Another Anglo writer acting as if soldiers all over the ancient world are all full of literacy and education in ye olden poetry as much as he is, all of them readers of Also sprach Zarathustra disinterestedly seeking transcendence and not cash; and trying to reinvent the wheel to find the market equivalent of an echological niche now that historians are publishing a ton of works on antiquity, then stumbling on a somewhat interesting idea but making it the panacea, the only valid explanations for every damned thing, one 400+ page book for one idea for so many different cities, cultures and civilizations.

Give me a break.

Plato:
“Spartan women abstain from woolwork, but instead weave for themselves a life which is not trivial at all but arduous.”
“Sparta, in as far as they relate to pleasure, appear to me to be the best in the world…”

Aristotle:
“The license of the Lacedaemonian women defeats the intention of the Spartan constitution, and is adverse to the happiness of the state.”
“The Spartans brutalise their children… they go about it completely the wrong way.”

Xenophon:
“He taught the children from a desire to render them more dexterous in securing provisions, and better qualified for warfare.”
“willingness to obey, prevailed among them”
“and instead of their clothes to make them delicate, Lycurgus required them to become used to a single garment all year round, the idea being that thereby they would be better prepared for cold and heat.”
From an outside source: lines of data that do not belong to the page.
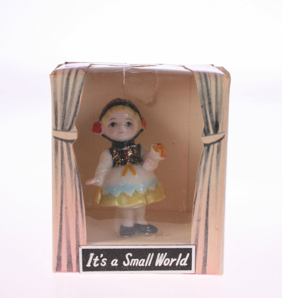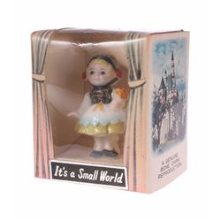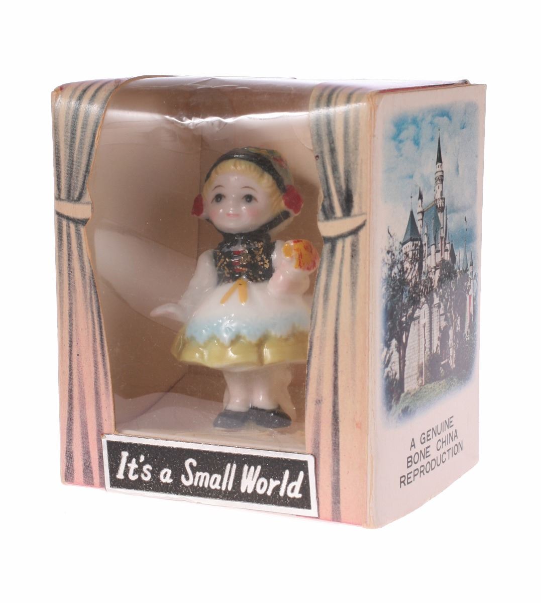 (Disneyland, 1964) Charming miniature "genuine bone china reproduction" of an "It's a Small World" character. Figurine comes in its original box. Box measures 3"x2.5"x2". In good condition with minimal wear to the box.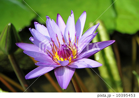 調布市の植物園に咲く紫色のスイレン
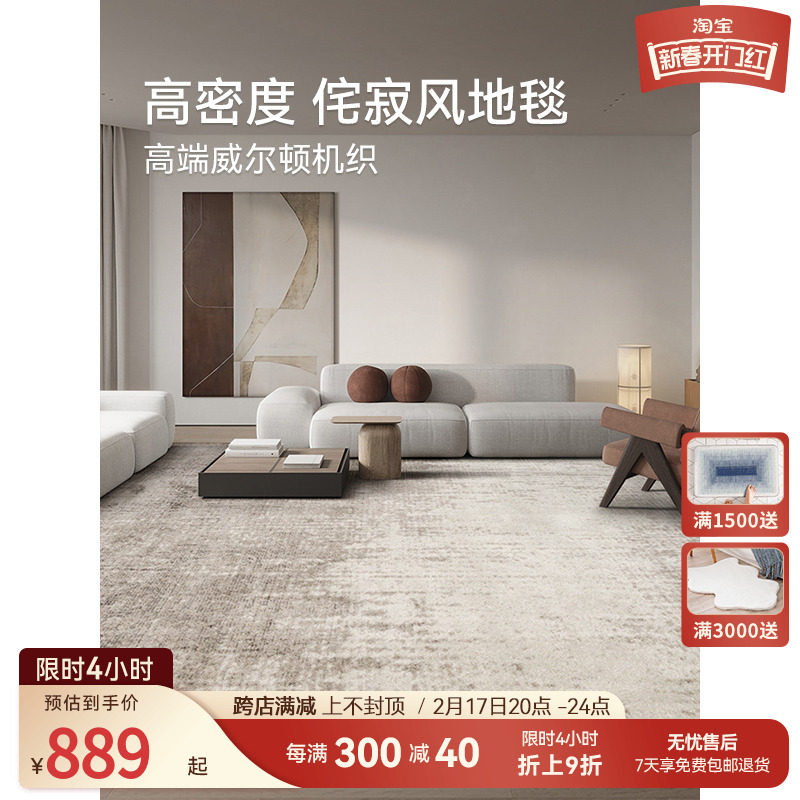 优立客厅地毯侘寂风高级灰轻奢高级沙发茶几耐脏易打理卧室地毯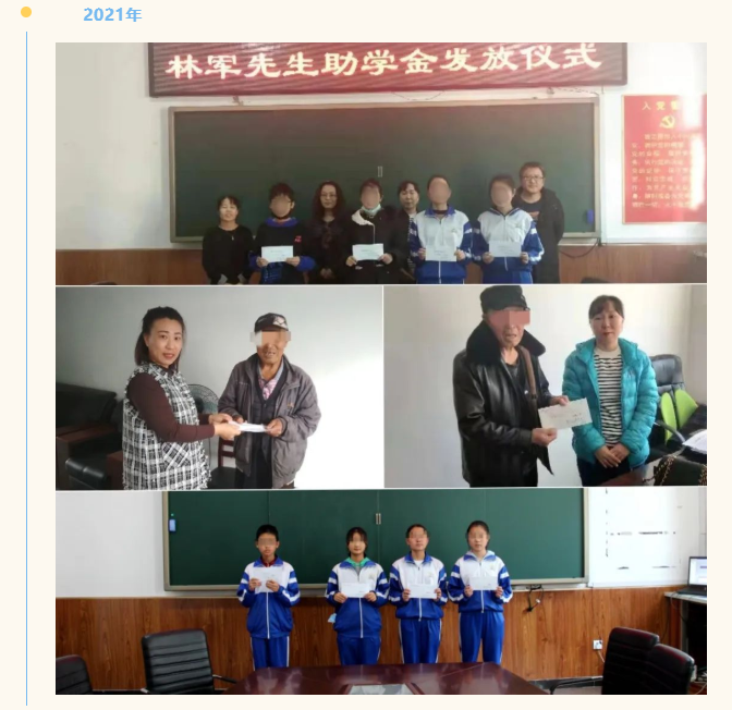 林軍扶困助學(xué)基金是鵬灣公益基金會(huì)理事、雅香麗化妝用品(深圳)有限公司董事長林軍先生為支持家鄉(xiāng)教育及關(guān)愛留守兒童而設(shè)立的教育助學(xué)基金。2019年,林軍扶困助學(xué)基金制定了長達(dá)六年的資助計(jì)劃,并與吉林省和龍市慈善總會(huì)合作,由其對助學(xué)金的發(fā)放進(jìn)行監(jiān)督與執(zhí)行,在和龍市持續(xù)資助5名學(xué)生,幫助他們完成中小學(xué)階段的學(xué)業(yè)。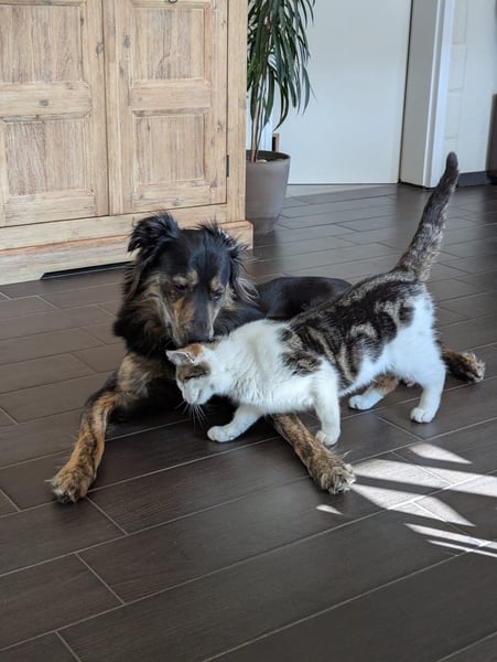 Mit den vorhandenen Katzen kuschelt er und von seinen Menschen lässt er sich ebenfalls gerne schmusen.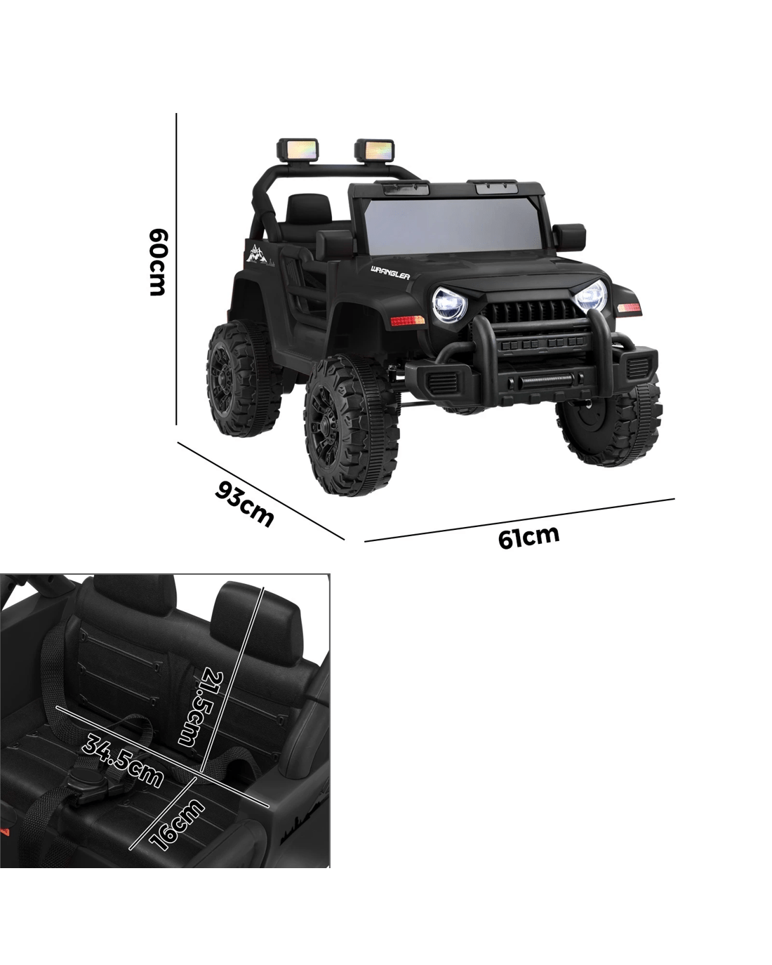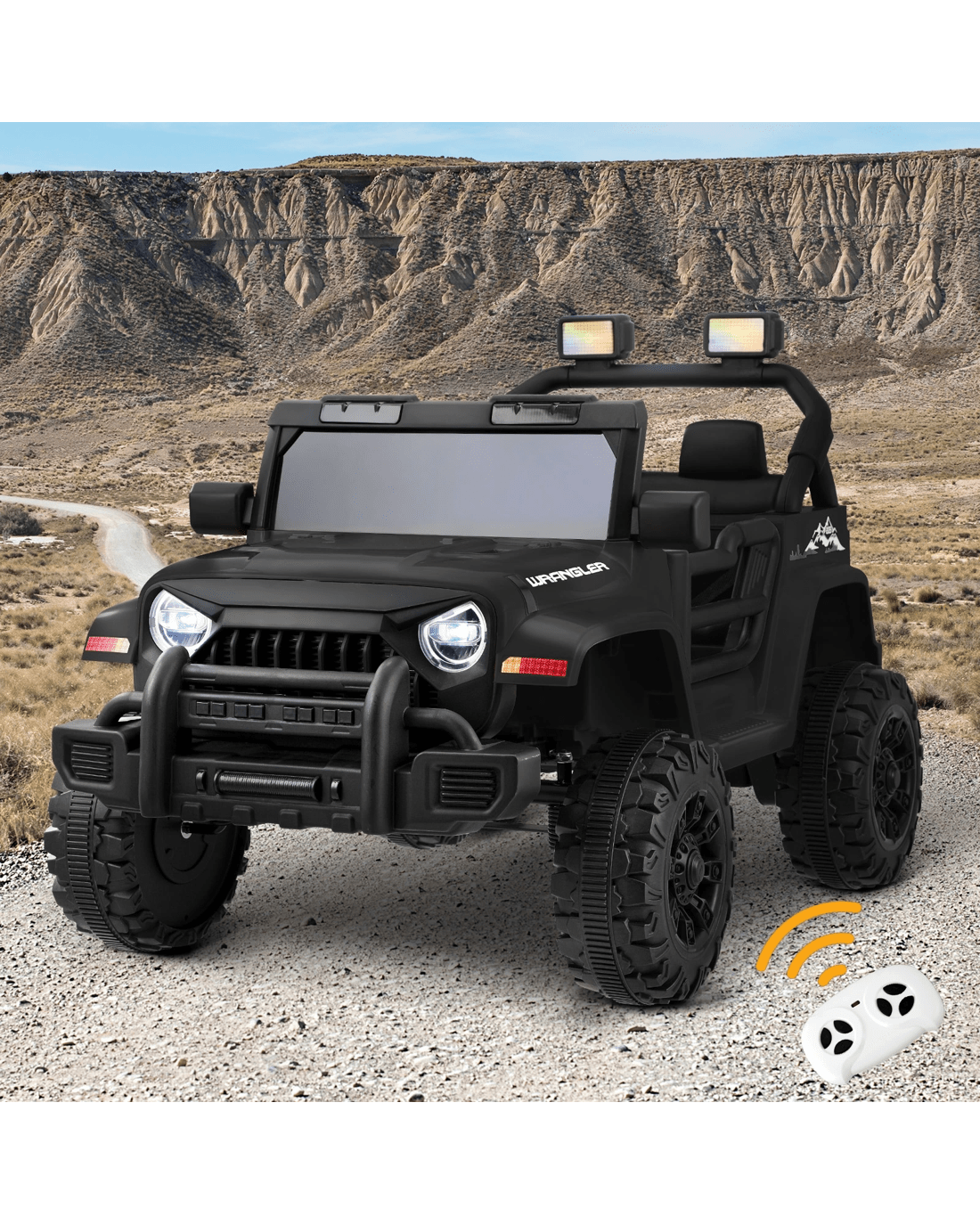 Fun on wheels. Thrills in motion. This Mazam Wrangler-inspired Ride On Car is ready to let your kid have exhilarating times with every drive. With its rugged profile, the vehicle is designed to deliver the looks and the passion. An iconic jeep-like body with flared fenders, striking headlights, chunky bumpers and brawny wheels and tyres, the vehicle also gets a simulated roll-over bar with twin decorative spotlights. The styling is definitely bold and formidable for any adventure on grass, gravel or concrete.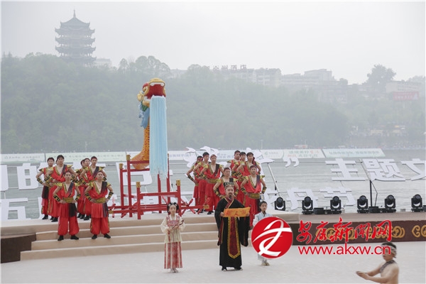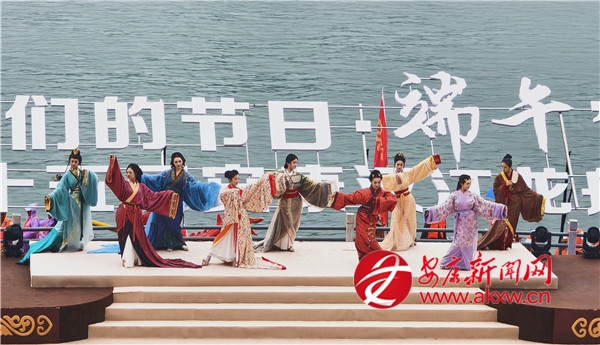 活動(dòng)現(xiàn)場(chǎng),6聲渾厚鐘聲劃破長(zhǎng)空。“緬懷先賢……”隨著主祭官畫外音傳來,60名身著青綠漢服的女子手捧香粽菖蒲,踏古琴清音翩躚而出。屈原塑像被緩緩護(hù)送入舞臺(tái)中央,112名身著漢服的學(xué)童齊聲詠頌祭文的聲浪在江岸回蕩。隨著粽拋碧波,香囊、梔子花贈(zèng)客,流淌千年的龍舟文化,化作平安順利、幸福安康的當(dāng)代回響。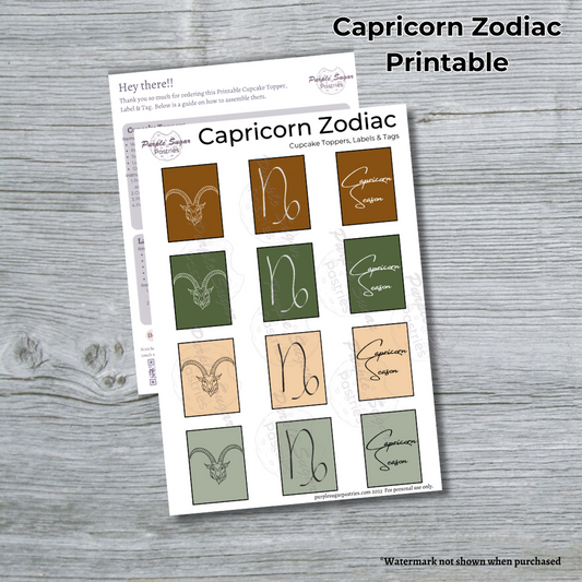 Capricorn Zodiac Cupcake Toppers, Labels or Tags P.D.F. Printable Party Decor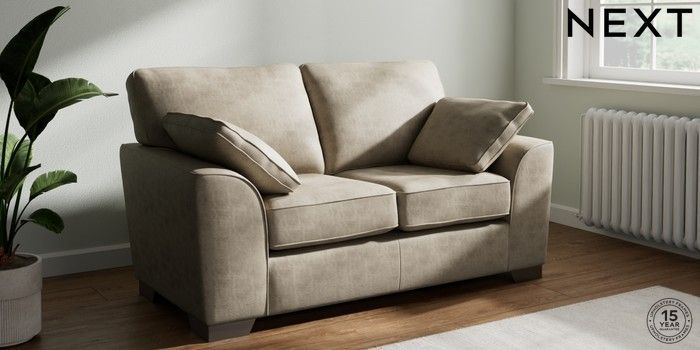 7.3.1 Buy Stamford 2 Seater Small Sofa Monza Faux Leather Easy Clean Mink Brown Large Square Angle - Gunmetal from the Next UK online shop Click here to use our accessible website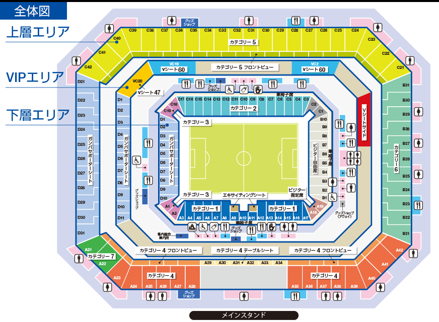 パナソニックスタジアム吹田のVシート60は座席が快適(クッションあり、座席幅広い)だけでなくVIPルームを使うことができ、気温が高かったり低かったり、雨風が強い時など気候が厳しい時にも快適に観戦でき、ハーフタイムでもトイレに並ばなくていいなどメリットが大きい座席です。値段は高いですが子供連れの方などにはオススメの座席です!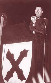 Pendant des années, les jeunes nationalistes ont souffert de l’union de toutes les forces malsaines. Les francs-maçons étaient unis, cela n’avait rien d’incompatible avec leur soi-disant patriotisme. La canaille marxiste était unis, elle disait en ricanant : « Travailleurs de tous les pays, unissez-vous ». Les forces d’argent étaient unies : les banquiers de Paris, de New-York, de Bruxelles ou de Londres s’entendaient admirablement. Mais nous, patriotes, nous devions nous détester et nous haïr. Nous, qui étions poussés par la ferveur révolutionnaire, nous devions nous ignorer. Eh bien ! tout cela est fini. Contre les internationales juive, moscoutaire et financière, s’est créée maintenant l’internationale de la jeunesse révolutionnaire. ILS ONT ETE LES MAITRES D’HIER, AVEC NOS ARMES NOUS SERONS LES MAITRES DEMAIN.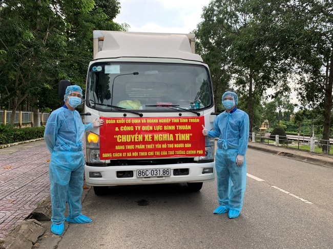 Tại tỉnh Bình Thuận, ngày 23 tháng 7 năm 2021, PC Bình Thuận thực hiện “Chuyến xe nghĩa tình” tặng những phần quà nghĩa tình để hỗ trợ người dân thị xã La Gi đang thực hiện giãn cách xã hội nhu yếu phẩm thiết yếu gồm: gạo, mì tôm, khẩu trang y tế, nước uống, bánh, sữa, Vitamin C…. với tổng số tiền 31.750.000 đồng. Cùng ngày đoàn cũng đến tặng quà ủng hộ khu cách ly tại khu ký túc xá Trường Chính trị tỉnh Bình Thuận, ủng hộ 50 triệu đồng và nhu yếu phẩm cần thiết như: mì tôm, nước uống, sữa, bánh, khẩu trang y tế, dung dịch sát khuẩn.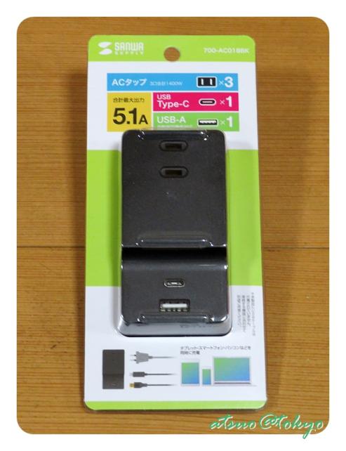 ACコンセント 3つ、USB Aポートと USB Type-Cポートがそれぞれ 1つずつ搭載された充電器です。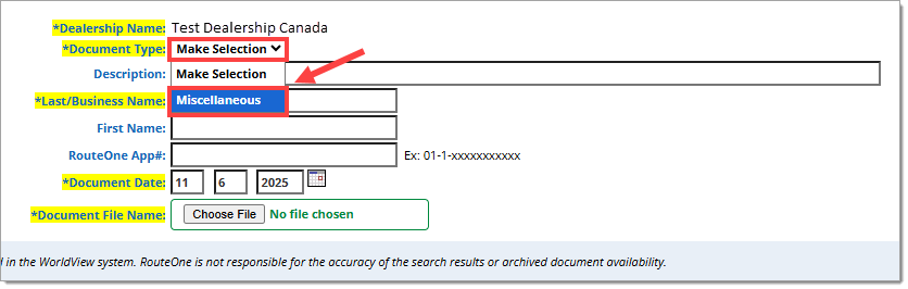 Under the ‘Document Type’ dropdown menu, select ‘Miscellaneous.’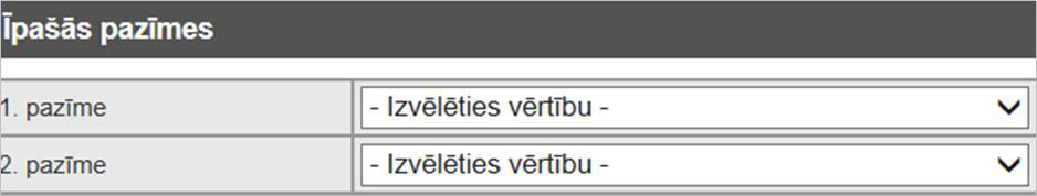 Vispārīgās vienošanās pozīcijai var norādīt vienu vai divas īpašās pazīmes, kas raksturo tajā ievietotās preces. Šādas pazīmes var būt pievienotas katalogam, visa līmeņa kategorijām un VV pozīcijām. Sistēmā nav paredzēta pārbaude par katalogiem, kategorijām un VV pozīcijām norādīto pazīmju savstarpējo atbilstību. T.i. kategorijai var norādīt vienas pazīmes, bet tajā esošai VV pozīcijai – citas. Īpašās pazīmes tiek uzturētas sistēmas klasifikatoros.
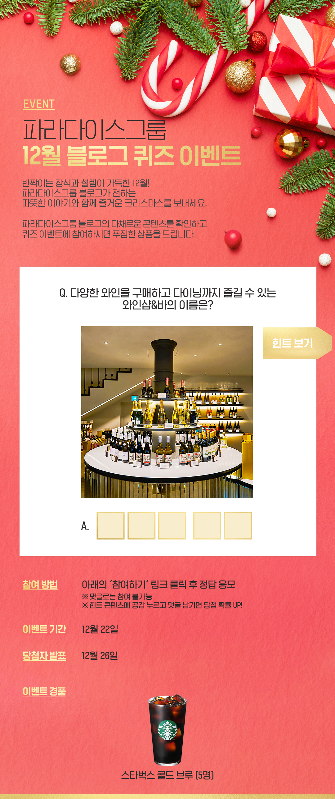 파라다이스그룹 12월 블로그 이벤트 5회차 당첨자 발표 (0) | 2023.12.26 |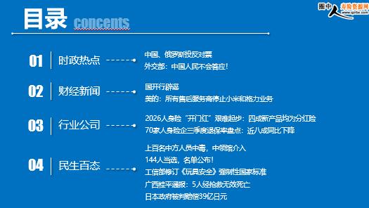 每日新闻速递 2025年11月22日 星期六 目录 时政热点 财经新闻 行业公司 民生百态 中国、俄罗斯投反对票 外交部:中国人民不会答应! 国开行辟谣 美的:所有售后服务商停止小米和格力业务 2026人身险“开门红”艰难起步:四成新产品均为分红险 70家人身险企三季度退保率盘点:近八成同比下降 上百名中方人员中毒,中领馆介入 144人当选,名单公布! 工信部修订《玩具安全》强制性国家标准 广西桂平通报:5人经抢救无效死亡 日本政府被判赔偿39亿日元 时政热点 中国、俄罗斯投反对票 2025年11月21日 15:13 来源:澎湃新闻 据新华社报道,国际原子能机构理事会20日表决通过美国与英国、法国、德国共同推动的伊朗核问题决议。中国、俄罗斯、尼日尔对决议投反对票。 该决议要求伊朗依据联合国要求,向国际原子能机构开放核计划相关场所并提供完整信息。当天,伊朗正式致函国际原子能机构总干事格罗西,宣布开罗协议不再有效,并被伊朗视为终止。伊朗外长阿拉格齐称,这些国家的举动无视伊朗的互动和善意,损害了国际原子能机构的信誉和独立性,并破坏了该机构与伊朗之间的互动与合作进程。 外交部:中国人民不会答应! 2025年11月21日 15:40 来源:环球网 日本首次出口杀伤性武器并讨论修改“无核三原则”,外交部回应 11月21日,外交部发言人毛宁主持例行记者会。 凤凰卫视记者提问,据报道,日本政府日前完成向美国返销“爱国者”防空导弹。这是日方对武器出口“松绑”后,首次出口杀伤性武器。另有消息称,日本自民党开始讨论修订三份安保条约文件,其中包括修改“无核三原则”,增加国防开支等。发言人对此有何评论? 毛宁表示,二战胜利后,《开罗宣言》《波茨坦公告》《日本投降书》等国际法律文件,对日本作为战败国的义务作出了明确规定,包括完全解除武装,不得维持能使其重新武装的产业。然而,日本近年来不断自我松绑,扩张军力,防卫预算13连增,通过了新安保法案解禁集体自卫权,将“武器出口三原则”修改为“防卫装备转移三原则”,不断放宽武器出口限制,甚至开始出口杀伤性武器。

Speaking of Lycurgus, his awesomeness is recorded by Herodotus, Xenophon, Plato, Polybius, Plutarch, and Epictetus.

Not Spartans.

Pretty sure there are accounts pointing to no pederasty in Sparta.

Pederasty/pedophilia was unacceptable, but men did fuck other men.

I cant remember the location but the
spartens were pushed in to an area where they couldn't escape. The beseigers eased back to make a discision on what to do because they were known not to surrender. During the council which it was mentioned about spartan heroics someone said have they ever been asked to surrender, no one could remember that in their history they ever were asked.
The spartans were sent the terms & agreed.
That said they did surrender to other greeks

How about one of you faggots gives us a source?

> Read a fucking book

Have you read Thucydides or Herodotus? They're our main sources, and whilst neither were Spartan they aggrandize the shit out them. There's not a huge amount of anti-Spartan propaganda in ancient sources actually, and most Athenian intellectuals seem to prefer Spartan oligarchy over democracy.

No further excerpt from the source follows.